Vol: 54(68) No: 4 / December 2009 

Extending Fuzzy Q-learning with Fuzzy Rule Interpolation Method “FIVE”
Dávid Vincze
Department of Information Technology, University of Miskolc, Faculty of Mechanical Engineering and Information Science, 3515 Miskolc, Hungary, phone: (+36) 46-565-333, e-mail: david.vincze@iit.uni-miskolc.hu, web: www.iit.uni-miskolc.hu/~vinczed
Szilveszter Kovács
Department of Information Technology, University of Miskolc, Faculty of Mechanical Engineering and Information Science, 3515 Miskolc, Hungary, e-mail: szkovacs@iit.uni-miskolc.hu, web: www.iit.uni-miskolc.hu/~szkovacs

Keywords: reinforcement learning, fuzzy Q-learning, fuzzy rule interpolation.

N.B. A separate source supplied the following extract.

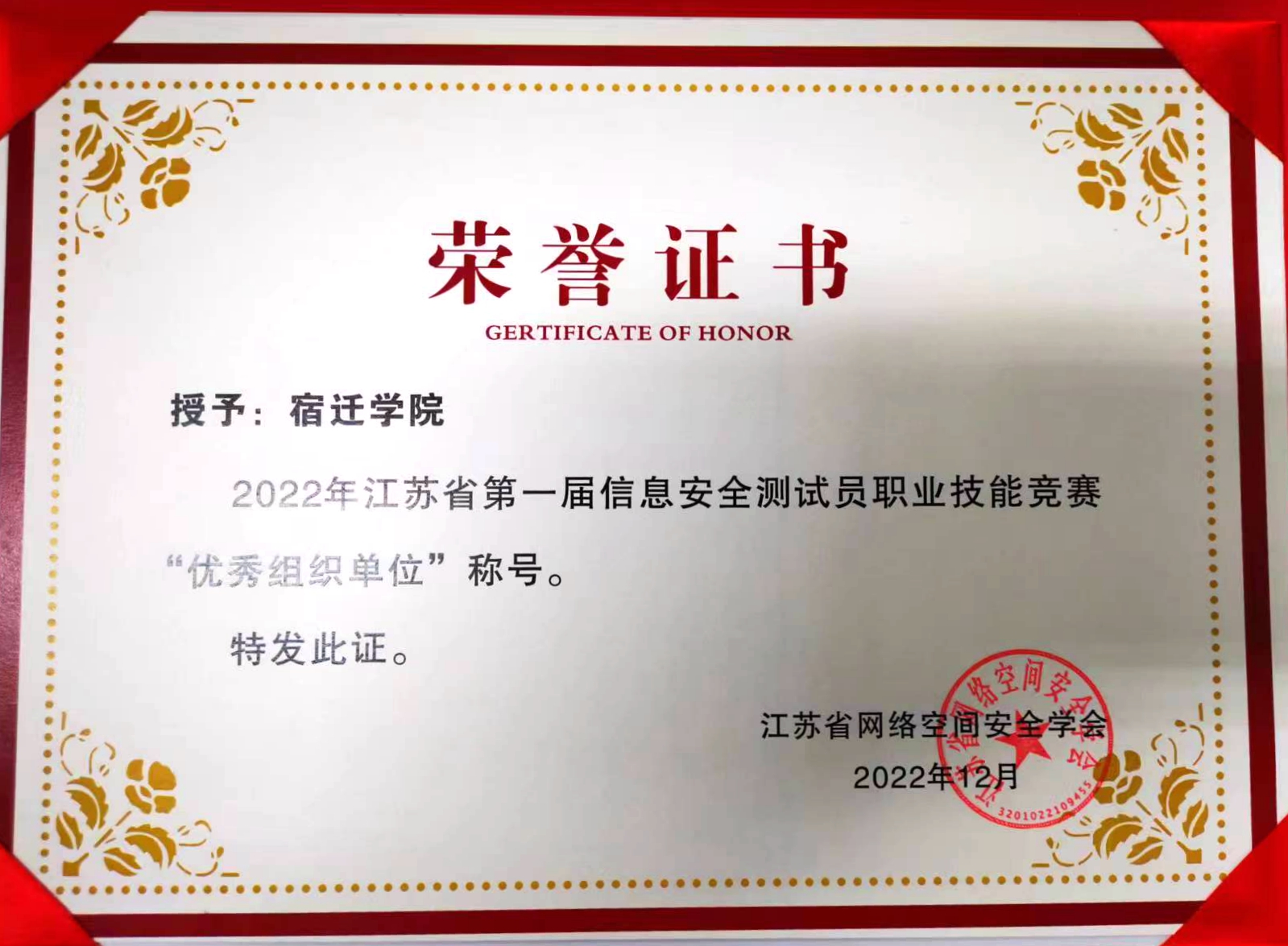 我校荣获江苏省首届信息安全测试员职业技能竞赛“优秀组织单位”称号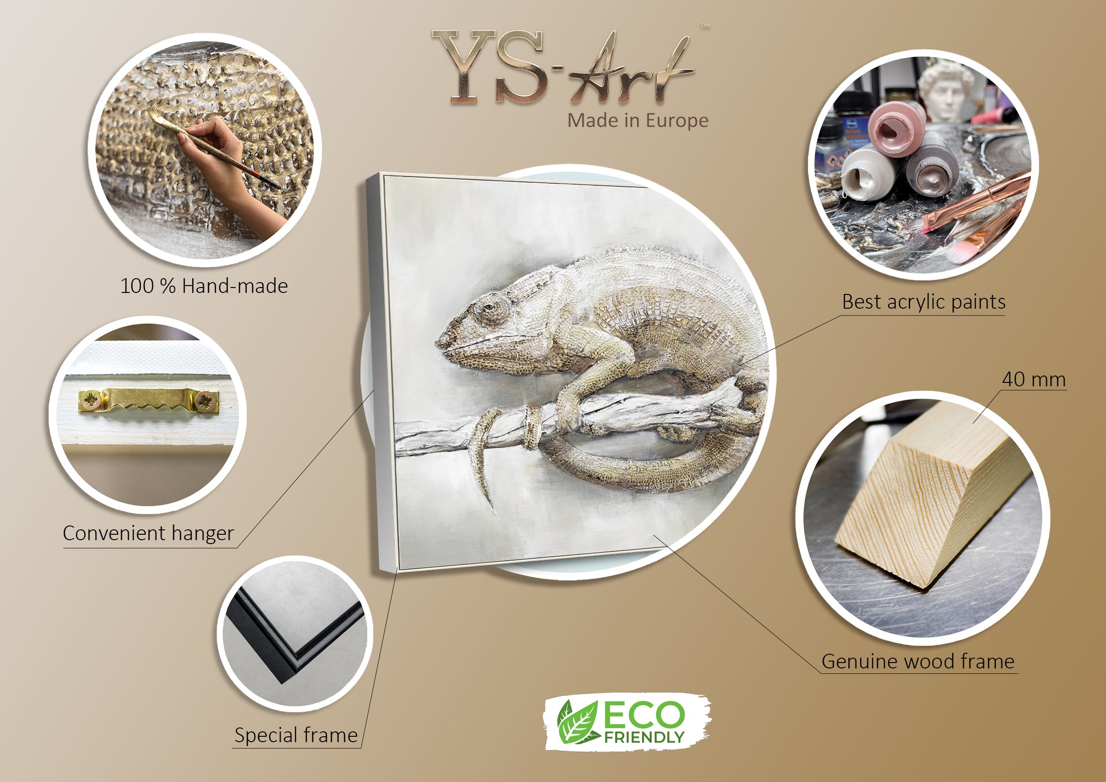 • Chamäleon Acrylbild auf Staffelei Beige Grau Wandkunst

Fuzzy Q-learning, the fuzzy extension of the Reinforcement Learning (RL) is a well known topic in computational intelligence. It can be used to solve control problems in continuous unknown environments without defining an exact method on how to solve problems in various situations. In the RL concept the problem to be solved is hidden in the feedback of the environment, called reward or punishment (positive or negative reward). From these rewards the system can learn which action is considered to be the best choice in a given state. One of the most frequently applied RL method is the “Q-learning”. The goal of the Q-learning method is to find an optimal policy for the system by building the state-action-value function. The state-action-value-function is a function of the expected return (a function of the cumulative reinforcements), related to a given state and a taken action following the optimal policy. The original Q-learning method was introduced for discrete states and actions. With the application of fuzzy reasoning the method can be adapted for continuous environment, called Fuzzy Q-learning (FQ-Learning). Traditional Fuzzy Q-learning embeds the 0-order Takagi-Sugeno fuzzy inference and hence the requirement of the state-action-value-function representation as a complete fuzzy rule base. The main goal of this paper is to introduce an extension of the traditional fuzzy Q-learning method with the capability of handling sparse fuzzy rule-bases. To achieve this, the paper suggests to apply Fuzzy Rule Interpolation (FRI), namely the FIVE (Fuzzy rule Interpolation based on Vague Environment) to be the model applied with Q-learning (FRIQ-learning). The paper also includes an application example, the well known cart pole (reversed pendulum) problem, for demonstrating the applicability of the suggested FRIQ-learning.